Monday, April 18, 2011

Megna brothers face-off in round 2

By Christopher Heimerman

There came a time when Jayson Megna lost the right to call his kid brother his “little” brother.

“It’s tough calling him my little brother when I need to look up to look him in the eye,” says Jayson, laughing.

In less than a year, Muskegon Lumberjacks defenseman Jaycob Megna grew half a foot to his current height of 6-foot-5. Last summer, he went through a rigorous program – in terms of both diet and workout regimen – to fill out his frame.

“I was eating every two hours, getting up early, eating, going back to bed,” Jaycob says. “It was rough, but it was worth it.”

Jaycob merely whetted his proverbial appetite this past weekend as he posted a pair of assists in Game 2 of the Jacks’ sweep of Team USA in a first-round, best-of-three Clark Cup Playoff series at the Ann Arbor Ice Cube.

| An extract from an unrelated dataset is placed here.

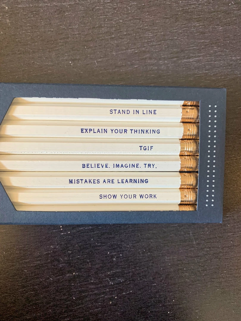 Pencil Phrases : Raise Your Hand, Stand in Line, Explain Your Thinking, TGIF, Believe. Imagine. Try., Mistakes are Learning, Show Your Work, and The Golden Rule.

Now he and the Jacks will look to take a bite out of his big brother’s squad, the top-seeded Cedar Rapids RoughRiders in the second-round, best-of-five series that opens Wednesday at the Stable in Cedar Rapids.

Last week, Jayson admitted he’s not crazy about running into the Jacks in the postseason.

“It’s always a good battle,” Jaycob says about the season series, in which both teams went 2-1-1. “I don’t think they particularly like the style of game we play. We like to muck it up, and they play a fast, up-tempo game.”

UNO draws two

During his first regular season in the United States Hockey League, Jaycob has amassed 18 points on a goal and 17 assists. Thanks to the strength-training program of Jacks assistant coach Dave Noel-Bernier, he’s gotten immensely stronger while adjusting to the frenetic pace of the league.

Jaycob, with the help of his “big” brother, will look to repay the favor to Noel-Bernier when they attend his alma mater, the University of Nebraska-Omaha this fall.

Noel-Bernier is a UNO alumnus and served as its director of hockey operations for three seasons. Now that he’s done all he can to help Jaycob develop, Noel-Bernier is ecstatic to turn him over to his former mentor, Mavericks head coach Dean Blais.

“It’ll be good for him,” Noel-Bernier says. “Dean is known for producing NHL players. He’s tough on guys, but he’s fair. If you play hard for him, he’s going to play you. If anybody can instill an edge into a player, it’s that coaching staff. They’ve been in the business a long time and have tricks that other guys don’t.”

Blais recently was named the head coach of the 2012 U.S. National Junior team.

“He’s a little mesmerizing, to be honest,” Jaycob says. “He’s one of the great figures in college hockey.”

Blais’ associate head coach Mike Hastings previously served as an assistant at the University of Minnesota after 14 seasons as the head coach of the Omaha Lancers, with whom he became the winningest coach in USHL history. Assistant coach Mike Guentzel also is a veteran college hockey coach and came to UNO from the Des Moines Buccaneers of the USHL, with whom he was the head coach and general manager.

It’s all in the family

The Megna brothers haven’t played together since their time with Tabor Academy in Marion, Mass.

“That was a great year,” Jayson says. “Not a lot of people get the chance to play with their brother. This fall will be a lot easier on our parents, too.”

This season their parents, Jay and Jacqueline, have done their best to split time between Muskegon and Cedar Rapids, where Jayson has racked up 58 points on 30 goals and 28 assists for the RoughRiders in his third USHL campaign.

“Jayson’s had a great year and is probably one of the best goal-scorers in the league,” Noel-Bernier says. “They’re both ready to take the step to the next level, and I’m excited for them.”

Jay Megna played two seasons in the National Football League with the Miami Dolphins and the New Orleans Saints, despite his detractors. He stands 5-foot-11, and his sons agree that the best message he offered was one of persistence.

“He taught us a lot growing up,” Jayson says. “He especially taught us about being a competitor and working harder than the next guy. He never wanted to be beat, and that rubbed off on us.”

“A lot of people said the same things about Jayson – he’s too small, he’s too slow, he doesn’t have what it takes,” Jaycob says. “He just kept working and kept working. Now he’s a phenomenal player, and I know he’s going to play in the NHL someday.”

Jaycob says the brothers’ respect for each other is a “two-way street.” But that respect will take a back seat to the drive for the Clark Cup as, for the Jacks, the road to the Eastern Conference finals runs through Cedar Rapids.